◆ **ABOUT THIS EXERCISE**
Extract the lines up to and including the one that contains "headlamps. Another removable", starting with the first line of the entries below, and omit the pictures.

TASK MATERIAL: Begin

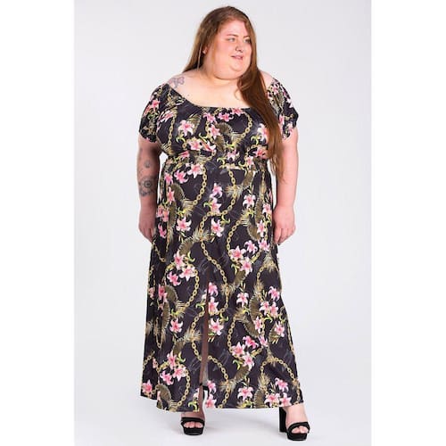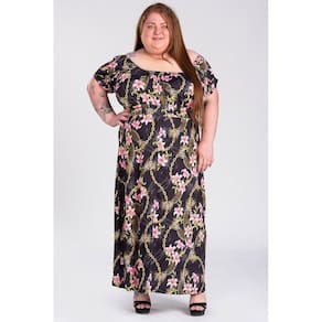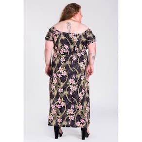 Vestido Feminino Plus Size Longo Ciganinha Estampado Malha Confort Detalhe Cintura Fenda Frontal
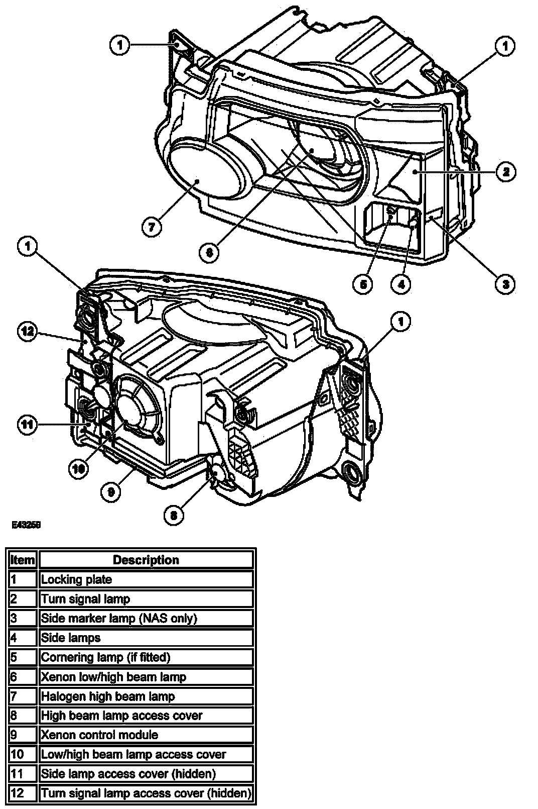 headlamps. Another removable cover provides access to the high beam only halogen bulb which is retained with a spring clip. A smaller cover can also be rotated anti-clockwise to provide access to the turn signal lamp bulb. Below this cover is a removable cover which provides access to the side lamp bulb, the cornering lamp/static bending lamp bulb and the side marker lamp bulb on NAS models.
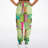 Make a fearless fashion statement with the Pink Cerise Plaid Paisley Eco-Poly Cargo Joggers, where wild meets whimsical in the most unexpected way. This kaleidoscopic design features an electrifying patchwork of bold paisleys, green gingham, cerise stripes, retro swirls, neon scales, and abstract camo—each square pulsing with personality. Splashes of leopard print and colorful animal patterns add a fierce edge, while soft polka dots and playful tie-dye tones balance the look with a fun, vintage twist.
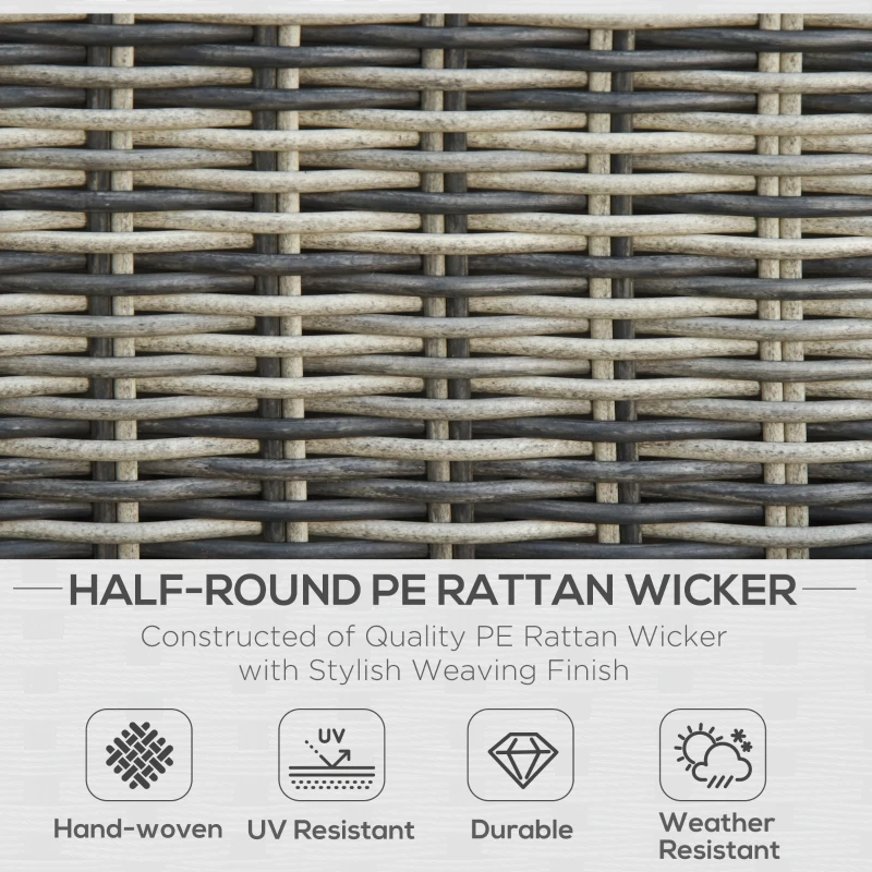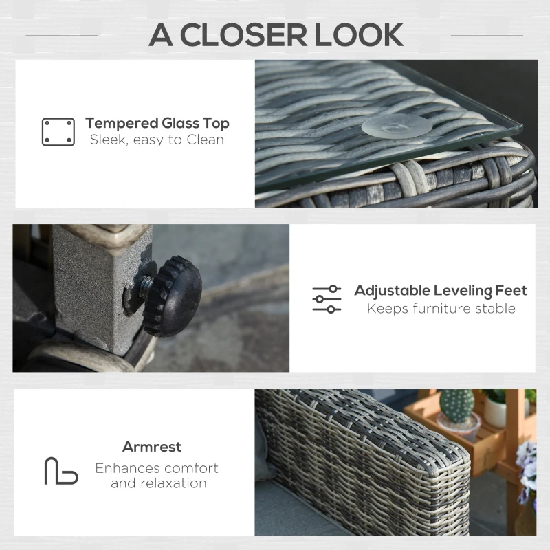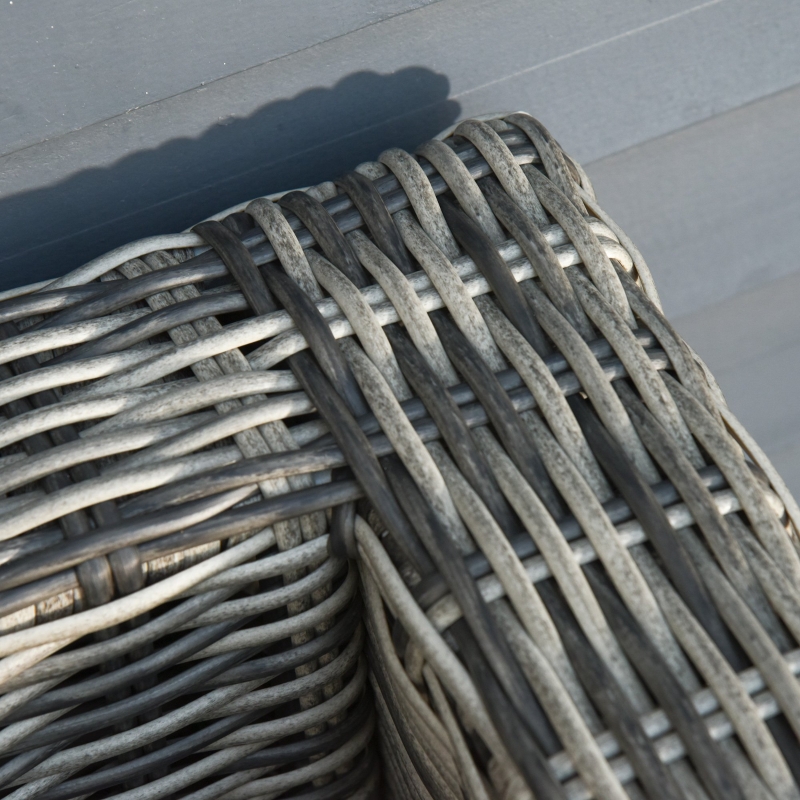 Five piece garden furniture set: Includes two corner armchairs, two footstools and a tall matching coffee table. Rattan garden furniture is a wonderful addition to gardens, balconies and other outdoor spaces in your home. || Thick and plush padded cushions: Sit comfortably on this five piece garden sofa set. Covers are removable and washable for hygiene. || Aluminium frame, wrapped in rattan: Garden rattan furniture set has a solid and tough core. Plastic wicker outer for protection against light weathering and UV fading. || Tempered glass tabletop: A sleek touch to this conservatory furniture set. Wipes clean easily for easy maintenance. || Dimensions: Chair: 65H x 73W x 73Dcm. Footstool: 31.5H x 63W x 63Dcm. Table: 49H x 73L x 49Wcm. Maximum load: Chair: 160kg. Table: 75kg.
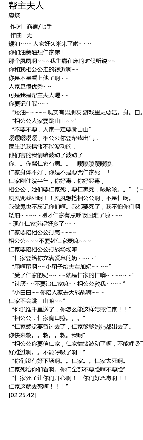 | [00:20.42] | 可是我是帮主夫人喔~~ |
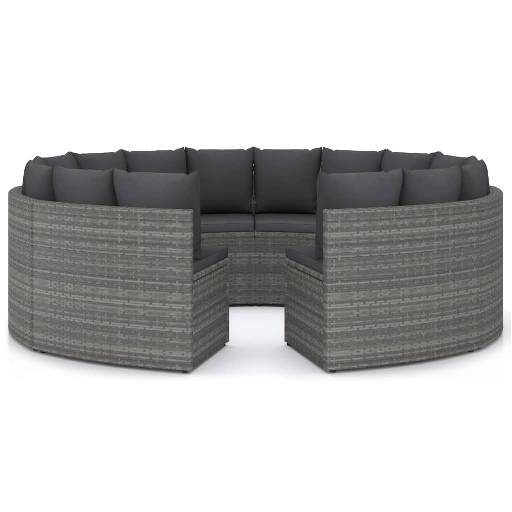 Schaffen Sie einen entspannenden Lounge-Bereich in Ihrem Garten mit diesem Lounge-Set aus Poly-Rattan. Diese gemütliche Garten-Sofagarnitur verfügt über einen pulverbeschichteten Stahlrahmen, der mit PE-Ratten überzogen ist, und ist daher robust und leicht zu reinigen. Die Sofateile bilden zusammen eine Fächerform und stellen eine perfekte Dekoration in Ihrem Außenbereich dar. Darüber hinaus bieten die dick gepolsterten Sitz- und Rückenkissen höchsten Sitzkomfort. Dank seiner Leichtbauweise lässt sich dieses Garten-Lounge-Set auch ganz einfach umstellen. Wichtiger Hinweis: Wir empfehlen, das Lounge-Set bei Regen, Schnee und Frost für eine lange Lebensdauer abzudecken.
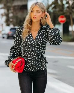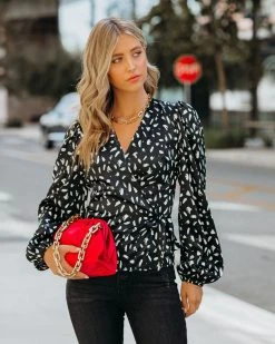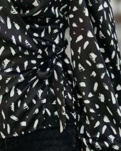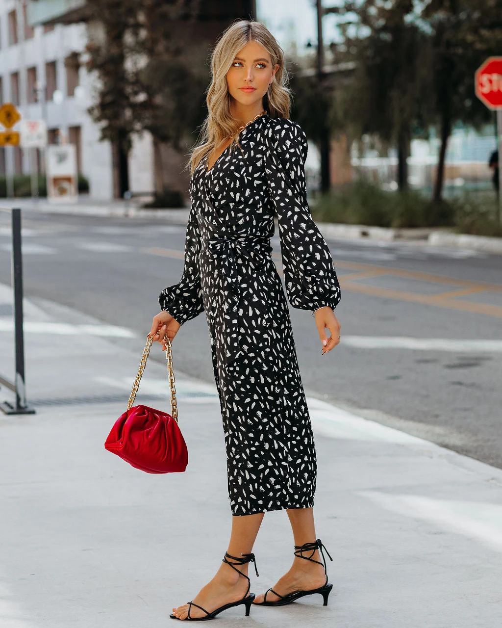 We adore a silk set for an event ready look! Our In Awe Satin Printed Wrap Blouse is black with white spots. Designed with a draped neckline and an adjustable waist tie closure. Styled with the Perfect Hoop Earrings, Jenna Link Necklace, Chic Crossbody Chain Pouch Bag, In Awe Satin Printed Wrap Midi Skirt, Keen High Rise Button Front Skinny, and Whimsy Heel.

TASK MATERIAL: End

◆ **FINISHED EXERCISE**
 Vestido Feminino Plus Size Longo Ciganinha Estampado Malha Confort Detalhe Cintura Fenda Frontal
 headlamps. Another removable cover provides access to the high beam only halogen bulb which is retained with a spring clip. A smaller cover can also be rotated anti-clockwise to provide access to the turn signal lamp bulb. Below this cover is a removable cover which provides access to the side lamp bulb, the cornering lamp/static bending lamp bulb and the side marker lamp bulb on NAS models.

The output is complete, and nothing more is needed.